Closed gillins closed 5 years ago
Original comment by Neil Flood (Bitbucket: neilflood, GitHub: neilflood).
Hi Johan,
there is a much easier way to manage this sort of thing. If the user function needs to do different things in some cases, and some of these cases have different numbers of output files on the outputs object, then you should use the otherargs object to pass in enough information for the user function to be able to make the right decisions. In most cases this just means that there are two different cases, and I pass a boolean flag on the otherargs object, and that is sufficient to make decisions in the user function. More complicated cases could arise, but it will always be true that the calling function already knows this, and so can off the right information on the otherargs object.
We have been using RIOS for many years now, in research and operationally, and we have never really needed anything more complicated than that.
Does that seem like it answers your needs?
Neil
Original comment by Johan Mollevik (Bitbucket: [Johan Mollevik](https://bitbucket.org/Johan Mollevik), ).
This is what I ended up doing, however I think the code looked less nice by doing this so I would have preffered another way.

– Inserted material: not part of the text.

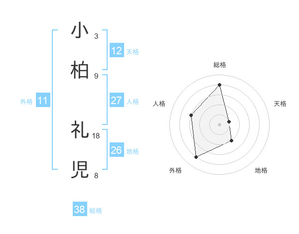 小柏 礼児さんを姓名の画数から五運を鑑定

However this is not blocking me.
Original report by Johan Mollevik (Bitbucket: [Johan Mollevik](https://bitbucket.org/Johan Mollevik), ).
It would occationally be usefull to know which and how many output files are supplied to rios.applier.apply
To be usefull this should probably work both with multiple output fies in different variables and multiple ones in a list in the same output variables.
I see two ways this could easily be implemented, either by pre populating the output object passed to the callback or by adding the information to the info object.
Is this something you think would make sense adding to rios?